City Development staff summarized PHDC’s findings to the council, explaining the commission must find seven statutory criteria in order to approve a conditional-use permit. Jeff Hintz of City Development said PHDC concluded the application did not meet all required standards and explained two principal concerns: parking adequacy for the total parcel and compatibility with design guidelines for contributing historic structures.

Hintz said the applicant’s plan would add several stories to the existing structure and that the property includes an unprogrammed historic church structure (referred to in testimony as Gorton Hall). “The unprogrammed space as part of this use would require 40 or 60 more parking spaces,” Hintz told council, noting PHDC’s concern was the totality of parking needs for the entire parcel rather than a shortfall solely for the proposed apartments.

The city attorney explained the council’s scope on appeal is narrow: the council must decide whether the PHDC abused its discretion under the ordinance’s seven conjunctive criteria.
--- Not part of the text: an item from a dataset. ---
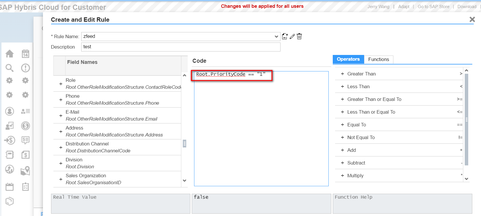 C4C UI上UI元素的显示和隐藏可以通过Key User在Adaptation模式里通过编辑一些简单的rule去控制,诸如这种格式:

If the council finds no abuse of discretion, the PHDC denial stands. If the council allows the appeal, the matter returns to PHDC for further consideration; the council cannot itself grant the conditional-use permit.

After discussion, a motion to allow the appeal failed; the council then voted to deny the appeal and uphold PHDC’s December denial. The clerk recorded the vote on denying the appeal as 11 ayes and 1 no.

Why it matters: The decision leaves the PHDC denial in effect; the applicant may not submit a substantially similar conditional-use application for one year unless PHDC finds valid new evidence or a change in conditions.

Speakers quoted in this story are taken from the March 4 meeting record; Jeff Hintz represented City Development and the city attorney summarized statutory standards for appeal.